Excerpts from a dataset

--- START ---

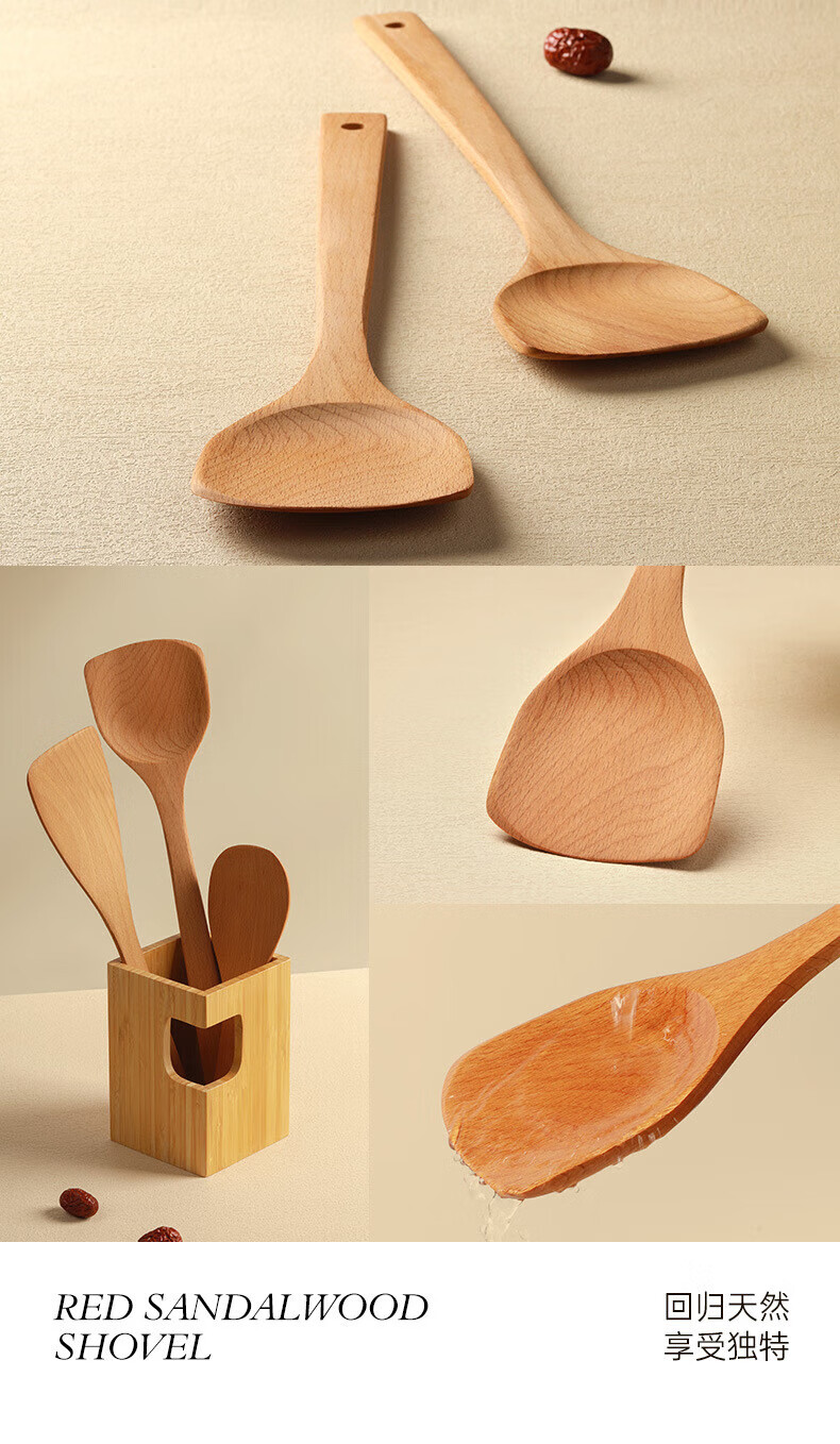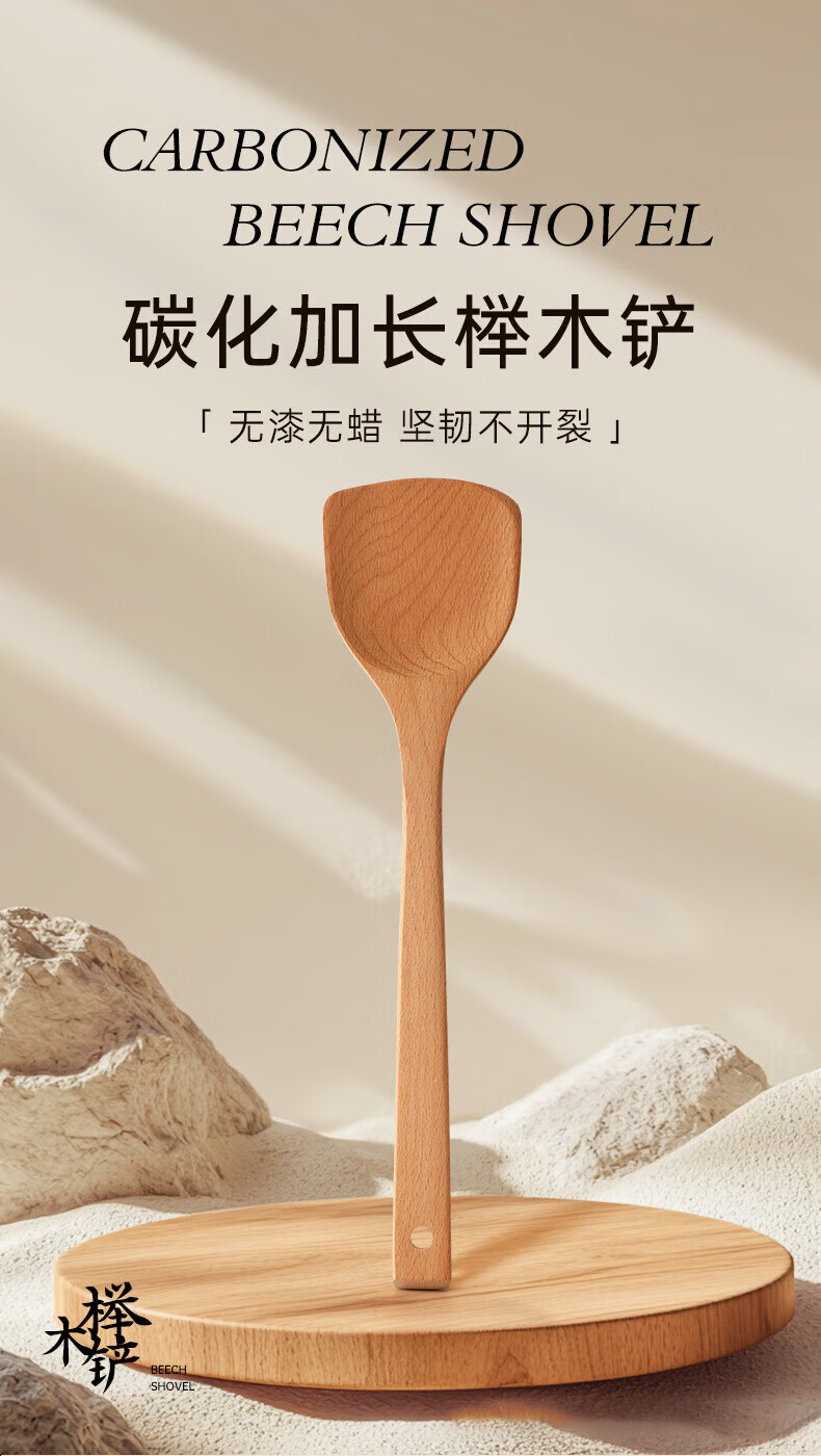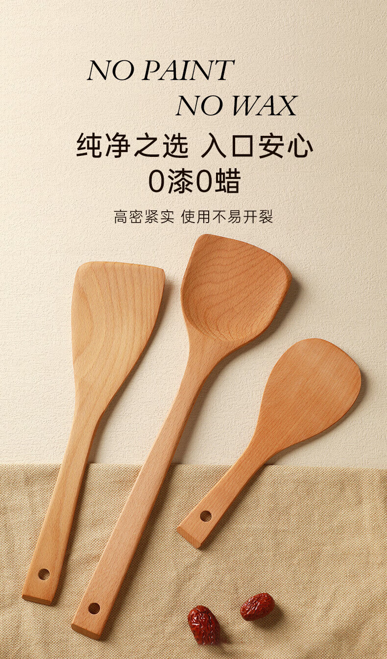 PINYU carbonized beech wood spatula, frying spatula and rice spatula set, special wooden cooking spatula for non-stick pans
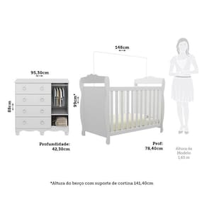 Largura do Conjunto: 148 cm Marca: Espresso Móveis Material Principal: MDF Permite a Utilização de Cama Auxiliar: Não Pintura Atóxica: Sim Possui Rodízio: Não Suporta Até (kg): 40.0000
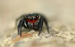 Evarcha ignea is a small spider.[13] The spider's body is divided into two main parts: a rectangular, slightly rounded cephalothorax and larger ovoid abdomen that is narrower to the rear.[14] The male has a carapace, the hard upper part of the cephalothorax,[15] that is between 1.9 and 2.3 mm (0.07 and 0.09 in) long and 1.5 and 1.8 mm (0.06 and 0.07 in) wide. It is generally dark brown with a brown streak down the middle and a thin black line at the edges. The eye field is black.[13] There is a patch of white hairs at the back of the eye field, with more scattered on the carapace, and long brown hairs close to the eyes themselves. There are orange scales near some of the eyes. The underside of the cephalothorax, or sternum, is yellow, with a tint of grey. The clypeus is high and covered in bright scarlet scale-like hairs, the brightness of which give the spider its name. The spider's mouthparts, including the labium, are generally brown. The chelicerae have a single tooth.[16]
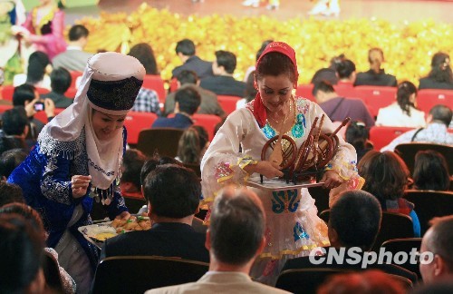 图为演出开始前,演员在观众席间穿梭,派发纪念品和少数民族传统美食。中新社发 刘新 摄
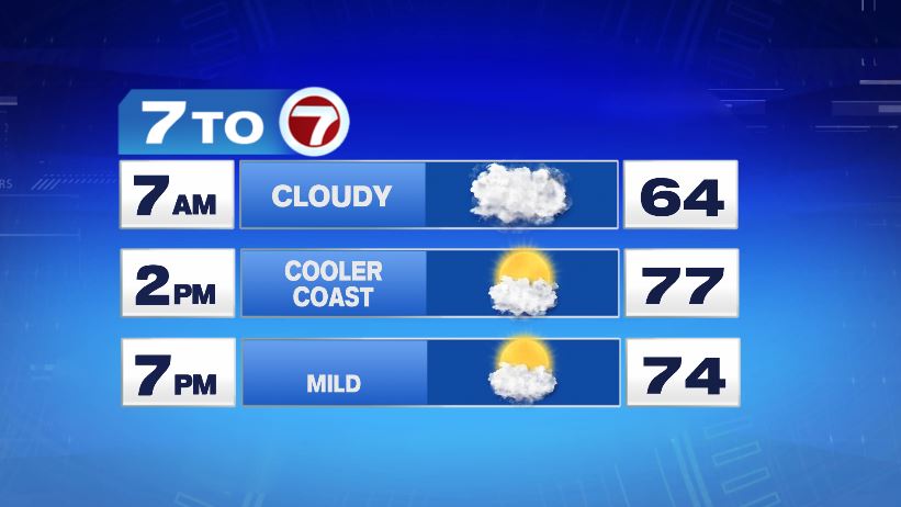 Rain exits in time for the morning commute and we’ll be dry for the daylight hours of Monday. In fact, with sunshine, we’ll be up near 80 degrees for our inland spots, but cooler on the coast.
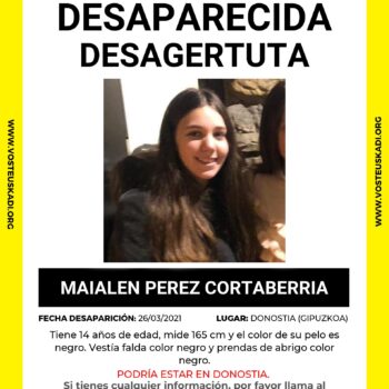 Hay que llamar al 112 si hay pistas sobre el paradero de Maialen Pérez Cortaberría
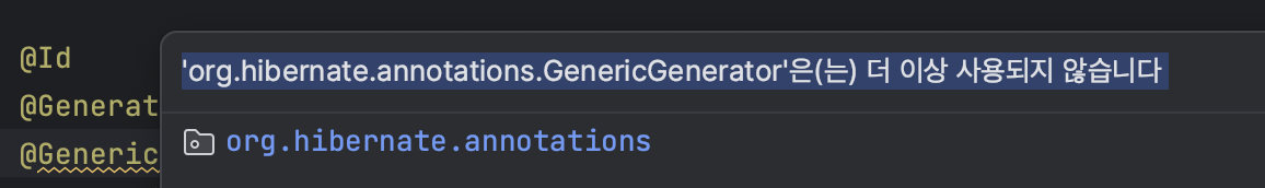 According to the documentation, the following usage is deprecated: @GenericGenerator( name = "UUID", strategy = "org.hibernate.id.UUIDGenerator" ) One
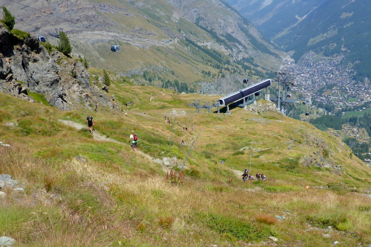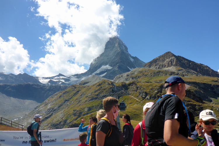 Danach folgt der lange Anstieg zum Schwarzsee. Im Briefing wurde schon davor gewarnt. Die Sonne hat nun endgültig den Kampf gegen die Wolken gewonnen und so bin ich froh, dass es zu Anfang noch etwas Schatten gibt. Stoisch stapfe ich den Berg hoch. Über uns surrt die Kabinenbahn und in der Höhe erkenne ich die Station. Leider ist es erst die Mittelstation. Ab dort sind es noch dreihundert Höhenmeter über einen Grat. Die Läuferinnen und Läufer ziehen sich wie eine Perlenkette darüber. Majestätisch zeigt sich über dem Ganzen das Matterhorn, das die Szene dominiert. Der Anblick ist einfach unbeschreiblich und lässt alle Strapazen vergessen. Die Streckenführung ist fantastisch. Trotz der Sonne ist es angenehm frisch. Wir sind auf knapp 2600 Metern und eine frische Brise tut fast so gut, wie das kalte Bier an der Schwarzseehütte. An der Verpflegung fülle ich die Vorräte auf. Ich treffe auf bekannte Gesichter und wir nehmen den Rest der Strecke gemeinsam in Angriff.
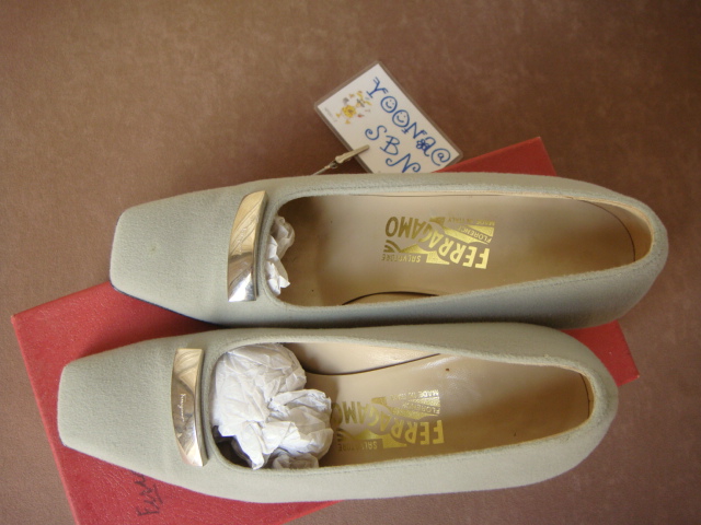FERRAGAMO กระเป๋าผ้าสีเขียวอ่อน ลักษณะของผ้าคล้ายหนังกลับค่ะ บริเวณขอบของหูกระเป๋า สีเริ่มเปลี่ยนค่ะ Buckle สีเงิน มีถุงผ้าให้ค่ะ (ขนาดโดยประมาณ 32 * 30 * 11 ซม.) ขายที่ 2,000 บาทค่ะ
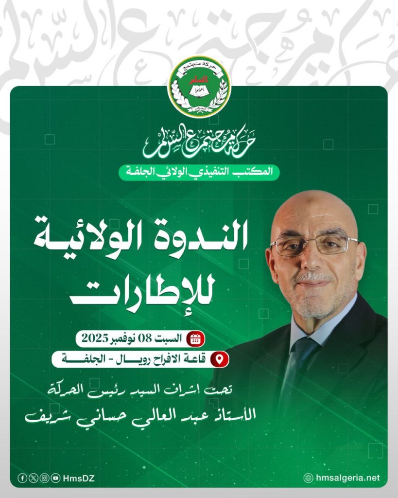 يُشارك رئيس حركة مجتمع السلم، أ. عبد العالي حساني شريف، غدًا السبت 08 نوفمبر 2025 في ولاية الجلفة للإشراف على الندوة الولائية للإطارات، والتي تهدف إلى تعزيز دور الهياكل التنظيمية للحركة على المستوى المحلي وتبادل الرؤى حول برامج العمل المستقبلي.
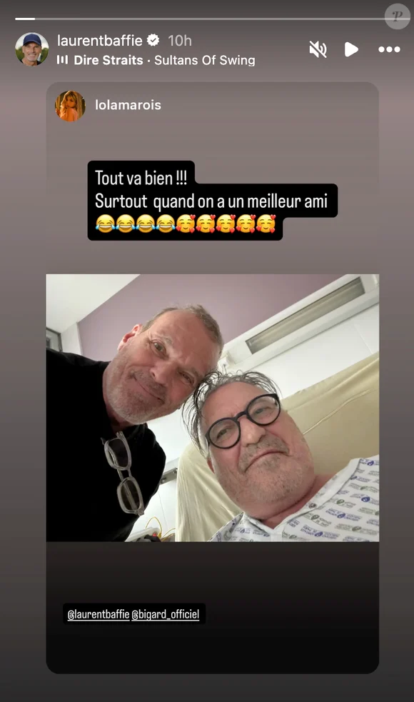 Plusieurs proches de Jean-Marie Bigard ont pu lui rendre visite. Laurent Baffie fait partie des personnes qui n’ont pas hésité à se déplacer pour lui apporter soutien et réconfort. L’humoriste s’est rendu à l’hôpital pour voir son ami et immortaliser ce moment avec une photo, qu’il a ensuite partagée sur les réseaux sociaux. Sur le cliché, Jean-Marie Bigard apparaît souriant et visiblement en meilleure forme, preuve que son moral reste intact malgré l’incident. “Tout va bien !!! Surtout quand on a un meilleur ami”, a commenté Lola Marois en story Instagram.
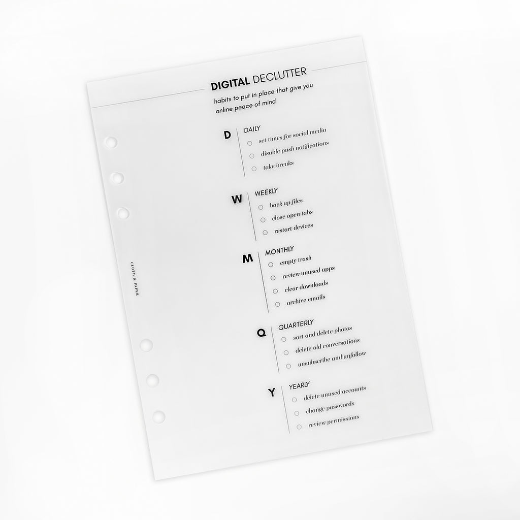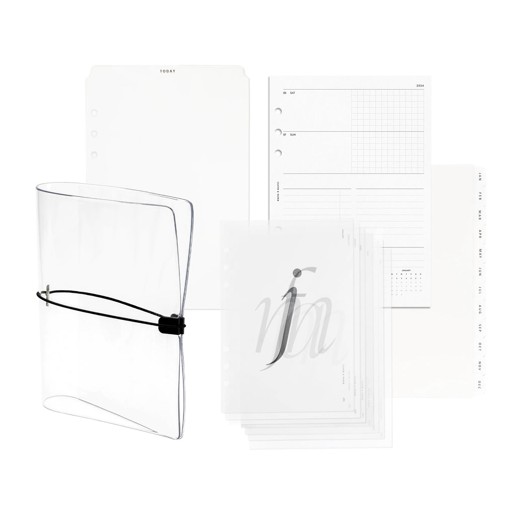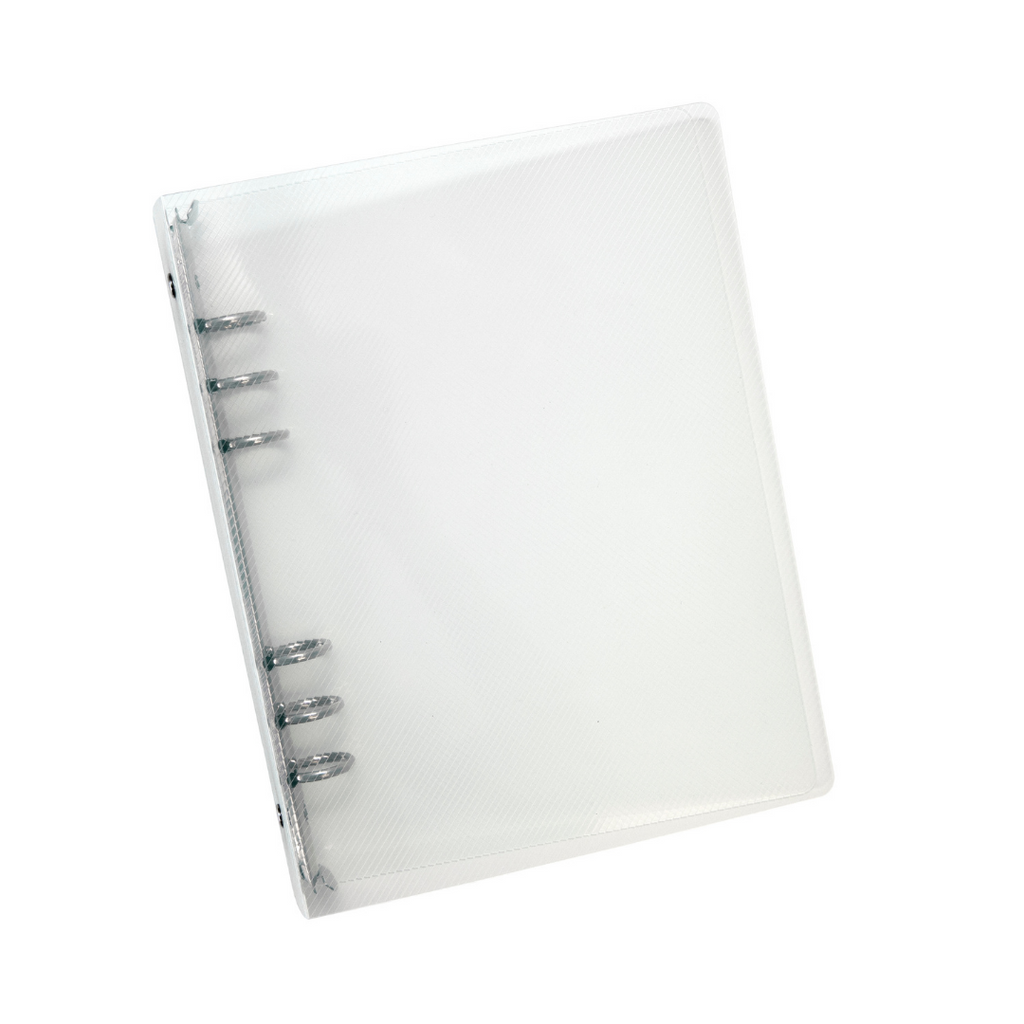 Light grey, semi-transparent, and glossy plastic planner dashboard with organic raised shape design in size A5 on a neutral background. Light grey, semi-transparent, and glossy plastic planner dashboard with organic raised shape design in size A5 shown ringbound in a black leather agenda.

--- END ---

-- ASSIGNED TASK --
Each entry should be copied exactly as written, though any pictures stay out.

-- TASK RESULT --
 PINYU carbonized beech wood spatula, frying spatula and rice spatula set, special wooden cooking spatula for non-stick pans
 Largura do Conjunto: 148 cm Marca: Espresso Móveis Material Principal: MDF Permite a Utilização de Cama Auxiliar: Não Pintura Atóxica: Sim Possui Rodízio: Não Suporta Até (kg): 40.0000
 Evarcha ignea is a small spider.[13] The spider's body is divided into two main parts: a rectangular, slightly rounded cephalothorax and larger ovoid abdomen that is narrower to the rear.[14] The male has a carapace, the hard upper part of the cephalothorax,[15] that is between 1.9 and 2.3 mm (0.07 and 0.09 in) long and 1.5 and 1.8 mm (0.06 and 0.07 in) wide. It is generally dark brown with a brown streak down the middle and a thin black line at the edges. The eye field is black.[13] There is a patch of white hairs at the back of the eye field, with more scattered on the carapace, and long brown hairs close to the eyes themselves. There are orange scales near some of the eyes. The underside of the cephalothorax, or sternum, is yellow, with a tint of grey. The clypeus is high and covered in bright scarlet scale-like hairs, the brightness of which give the spider its name. The spider's mouthparts, including the labium, are generally brown. The chelicerae have a single tooth.[16]
 图为演出开始前,演员在观众席间穿梭,派发纪念品和少数民族传统美食。中新社发 刘新 摄
 Rain exits in time for the morning commute and we’ll be dry for the daylight hours of Monday. In fact, with sunshine, we’ll be up near 80 degrees for our inland spots, but cooler on the coast.
 Hay que llamar al 112 si hay pistas sobre el paradero de Maialen Pérez Cortaberría
 According to the documentation, the following usage is deprecated: @GenericGenerator( name = "UUID", strategy = "org.hibernate.id.UUIDGenerator" ) One
 Danach folgt der lange Anstieg zum Schwarzsee. Im Briefing wurde schon davor gewarnt. Die Sonne hat nun endgültig den Kampf gegen die Wolken gewonnen und so bin ich froh, dass es zu Anfang noch etwas Schatten gibt. Stoisch stapfe ich den Berg hoch. Über uns surrt die Kabinenbahn und in der Höhe erkenne ich die Station. Leider ist es erst die Mittelstation. Ab dort sind es noch dreihundert Höhenmeter über einen Grat. Die Läuferinnen und Läufer ziehen sich wie eine Perlenkette darüber. Majestätisch zeigt sich über dem Ganzen das Matterhorn, das die Szene dominiert. Der Anblick ist einfach unbeschreiblich und lässt alle Strapazen vergessen. Die Streckenführung ist fantastisch. Trotz der Sonne ist es angenehm frisch. Wir sind auf knapp 2600 Metern und eine frische Brise tut fast so gut, wie das kalte Bier an der Schwarzseehütte. An der Verpflegung fülle ich die Vorräte auf. Ich treffe auf bekannte Gesichter und wir nehmen den Rest der Strecke gemeinsam in Angriff.
FERRAGAMO กระเป๋าผ้าสีเขียวอ่อน ลักษณะของผ้าคล้ายหนังกลับค่ะ บริเวณขอบของหูกระเป๋า สีเริ่มเปลี่ยนค่ะ Buckle สีเงิน มีถุงผ้าให้ค่ะ (ขนาดโดยประมาณ 32 * 30 * 11 ซม.) ขายที่ 2,000 บาทค่ะ
 يُشارك رئيس حركة مجتمع السلم، أ. عبد العالي حساني شريف، غدًا السبت 08 نوفمبر 2025 في ولاية الجلفة للإشراف على الندوة الولائية للإطارات، والتي تهدف إلى تعزيز دور الهياكل التنظيمية للحركة على المستوى المحلي وتبادل الرؤى حول برامج العمل المستقبلي.
 Plusieurs proches de Jean-Marie Bigard ont pu lui rendre visite. Laurent Baffie fait partie des personnes qui n’ont pas hésité à se déplacer pour lui apporter soutien et réconfort. L’humoriste s’est rendu à l’hôpital pour voir son ami et immortaliser ce moment avec une photo, qu’il a ensuite partagée sur les réseaux sociaux. Sur le cliché, Jean-Marie Bigard apparaît souriant et visiblement en meilleure forme, preuve que son moral reste intact malgré l’incident. “Tout va bien !!! Surtout quand on a un meilleur ami”, a commenté Lola Marois en story Instagram.
 Light grey, semi-transparent, and glossy plastic planner dashboard with organic raised shape design in size A5 on a neutral background. Light grey, semi-transparent, and glossy plastic planner dashboard with organic raised shape design in size A5 shown ringbound in a black leather agenda.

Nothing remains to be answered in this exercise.